Before running `feast apply`, update the `feature_store.yaml` with your AWS settings.

In [None]:
# View current configuration
print("Current feature_store.yaml configuration:")
print("=" * 60)
with open('../feature_repo/feature_store.yaml', 'r') as f:
    print(f.read())

## 3. Apply Feast Definitions

This registers all entities, feature views, and feature services with the feature store.

In [None]:
# Change to feature repo directory
os.chdir('../feature_repo')
print(f"Current directory: {os.getcwd()}")

# Apply Feast definitions
!feast apply

In [None]:
# List registered feature views
print("Registered Feature Views:")
!feast feature-views list

print("\nRegistered Feature Services:")
!feast feature-services list

## 4. Materialize Features to Online Store (DynamoDB)

This loads features from the offline store (Redshift) into the online store (DynamoDB) for fast retrieval.

In [None]:
# Set date range for materialization
end_date = datetime.now().strftime('%Y-%m-%dT%H:%M:%S')
print(f"Materializing features up to: {end_date}")
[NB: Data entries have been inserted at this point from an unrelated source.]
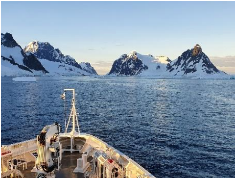
Voyage initiatique, résidence en antarctique

J'ai commencé à écrire avant de savoir écrire. Assise à mon petit bureau, à côté du grand bureau de mon père, avec un feutre noir, j'essayais de reproduire la musique familière de son stylo à plume sur la feuille. Le rythme. Nerveux. Les points avec les silences. Les mots rayés dans des soupirs.
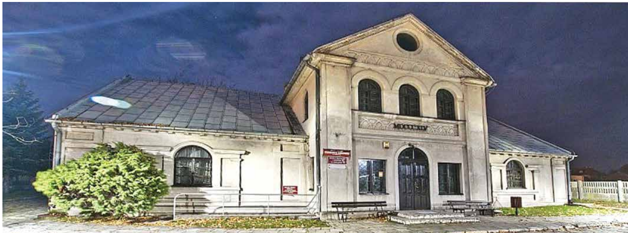
arch. M-GOK w Uniejowie
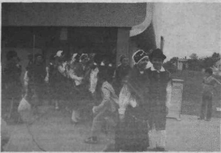
2 / ZBOR OBČANOV

Ob 80 letnici Zavoda za usposabljanje slušno in govorno prizadetih v Ljubljani je bila v Bežigradski galeriji od 25. do 28. avgusta privlačna razstava. Z likovnimi izdelki so se predstavili slušno prizadeti otroci. Za razstavo je bilo med Bežigradčani precejšnje zanimanje.
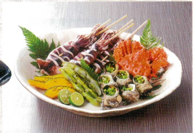
×232-047 荒土しのぎ手13.0大鉢 φ40×6cm(5入・陶) 48,000円 ×232-057 荒土しのぎ手12.0大鉢 φ36×5.5cm(8入・陶) 32,000円
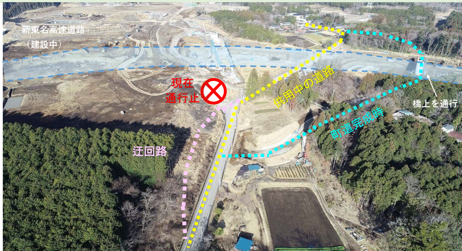
図1 切替後の道路（航空写真）

【 迂回期間 】 令和 5年 6月 27日 (火) ～ 令和 5年 11月 末頃 予定
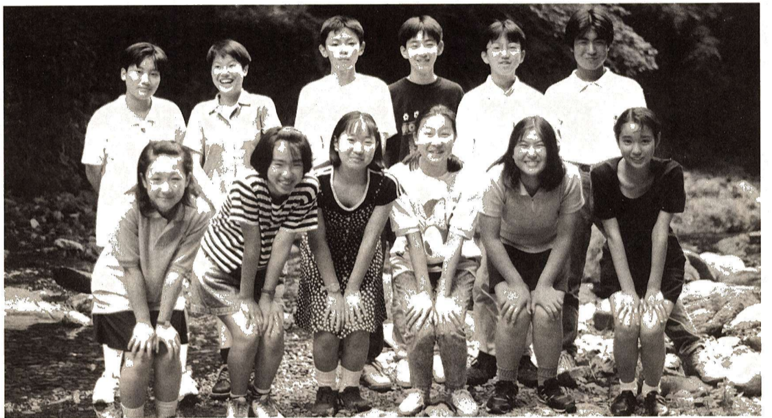
◎派遣生の皆さん◎ (敬称略)

# Materialize features to DynamoDB
!feast materialize-incremental {end_date}

## 5. Verify Setup

Test online feature retrieval to ensure everything is working.

In [None]:
from feast import FeatureStore

# Initialize feature store
store = FeatureStore(repo_path='.')

# List all feature views
print("Registered Feature Views:")
print("=" * 60)
for fv in store.list_feature_views():
    print(f"  - {fv.name}: {len(fv.features)} features")

print("\nRegistered On-Demand Feature Views:")
print("=" * 60)
for odfv in store.list_on_demand_feature_views():
    print(f"  - {odfv.name}: {len(odfv.features)} features")

print("\nRegistered Feature Services:")
print("=" * 60)
for fs in store.list_feature_services():
    print(f"  - {fs.name}")

In [None]:
# Test online feature retrieval
try:
    # Use sample customer IDs from generated data
    test_customer_ids = ['CUST00000001', 'CUST00000002', 'CUST00000003']
    
    features = store.get_online_features(
        features=[
            'customer_profile_features:age',
            'customer_profile_features:state',
            'customer_profile_features:region_risk_zone',
            'customer_credit_features:credit_score',
            'customer_credit_features:insurance_score',
            'customer_risk_features:overall_risk_score',
        ],
        entity_rows=[{'customer_id': cid} for cid in test_customer_ids]
    ).to_dict()
    
    print("✓ Online features retrieved successfully!")
    print("=" * 60)
    display(pd.DataFrame(features))
    
except Exception as e:
    print(f"✗ Error retrieving features: {e}")
    print("\nThis is expected if:")
    print("  - Data hasn't been loaded into Redshift")
    print("  - Materialization hasn't completed")
    print("  - AWS credentials are not configured")

## Next Steps

1. **Start the Feature Server**: 
   ```bash
   feast serve -h 0.0.0.0 -p 6566
   ```

2. **Run Latency Benchmarks**:
   ```bash
   python ../scripts/benchmark_online_server.py --server-url http://localhost:6566 --suite quick
   ```

3. **Proceed to Feature Engineering**: Open `02_feature_engineering.ipynb` for model training examples.